It's Great to Be a Member
Victor Cantu

------------------

[This message has been edited by layjo (edited July 07, 2000).]

[This message has been edited by layjo (edited 11-02-2000).]


----------



## nicko (Oct 5, 2001)

Well since no one is being bashful I mine as well take my turn. My name is Nicko Sahlas and I am one of the founders of ChefTalk.com. I have worked in the restaurant business since I was about thirteen. Started off in my Uncle's restaurant as a bus boy and worked my way up. A few years after highschool I attended the Culinary Institute of America, did my externship at the Four Seasons Hotel, and graduated in '91. After that I worked my way around several places in Chicago and then went to work in Europe for two years. After all that I came back to Chicago, worked as a chef for two more years and decided to get a degree in computer programming. ChefTalk.com is born and the rest is history.

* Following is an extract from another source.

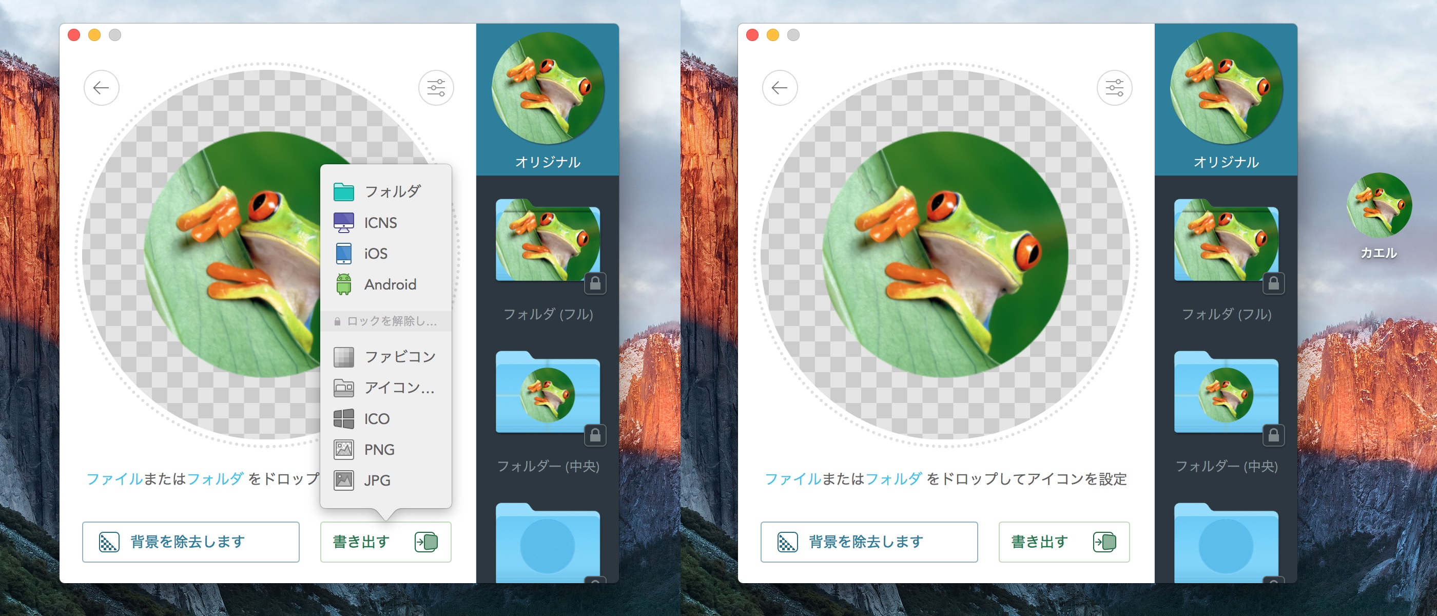 全機能を使用するには1200円ですが、フォルダアイコンの変更とOS X, iOS, Android, watchOS用アプリアイコンの作成は無料で出来るので、興味のある方はどうぞ。

My sincerest thanks to everyone here who helps make ChefTalk.com and this community possible.









Next....


----------



## pete (Oct 7, 2001)

Hi. I am a "restaurant brat". My parents owned a restaurant for a number of years when I was a kid. By age 8 I was washing dishes, bussing at lunchtime during summer vacation, and generally annoying the cooks who worked underneath my father. My other job, in winter, was keep a fire going in the large fireplace in the waiting area. During high school and college I would work in restaurants for spending money. I did everything from bussing to bartending to cooking. Finally, I realized I couldn't avoid the inevitable and enrolled in New England Culinary Institute in Vermont. That was in 1992 and I have been cooking, professionally since then. I am currently the night sous chef and interim pastry chef at Harvest on Huron, here in Chicago.


----------



## youla (Jun 4, 1999)

well my start was very young...my grandfather was a pastry chef and then my father but he started to enjoy food with a passion and become an all round chef...he worked for several hotels before opening his own catering business and all of us kids were pulled in to do anything and everything...the funny thing was my dad had a fierce temper and would assume that we knew as much as he did so I started researching recipes and trying them out and this was at the tender age of around ten years old.then I would never get into trouble or get him shouting at us.... I vowed I would never be a chef .When I finished school I took A year off and the only jobs I could get were in restaurants 
front of house at first and then slowly when they were caught I would help out cos I knew what to do and everyone said you should be a chef...eventually I took on a permanent position in a restaurant but then stopped to do go to university...I still worked part time but I started to miss the buzz and rewards of the kitchen....I finished my degree and took on a job out side of a kitchen....then I was diagnosed with cancer and when you think you are not going to be around much longer [this is not to start you all sobbing!!!!I am well!!!] you start to think of all the things you wanted to do and I said to my husband I want to work in a kitchen brigade again and produce some fine dining any way get back into that mode...I went back to trade school got my papers and got offered the job at a large hotel...I loved it. I have done a few other courses..such as japanese cuisine, garde manger,etc and I find these courses keep my enthusiasm up at a high. [sorry I like to ramble after work!!]


----------



## greg (Dec 8, 1999)

After bartending for 4 years, I decided that dealing with drunk people wasn't worth it. I took a job working as a busser in a fine-dining spot and was fascinated watching the cooks work. Fire, chaos and general pandemoneum resulting in good food; it's still a process I am amazed by and will always love. I don't think that there are many people in other fields of work that can understand the sense of accomplishment and bond with your co-workers that develops when you've worked a 300 cover Friday short-handed and pulled it off. Currently, I'm the sous chef at a new German restaurant here in St. Paul. My philosophy for working in the kitchen (borrowed somewhat from Gayle Sayers): The food is first, my crew is second, I am third.


----------



## nick.shu (Jul 18, 2000)

in comparison, ive only been cooking for 7 years but the influence goes back for many more before that.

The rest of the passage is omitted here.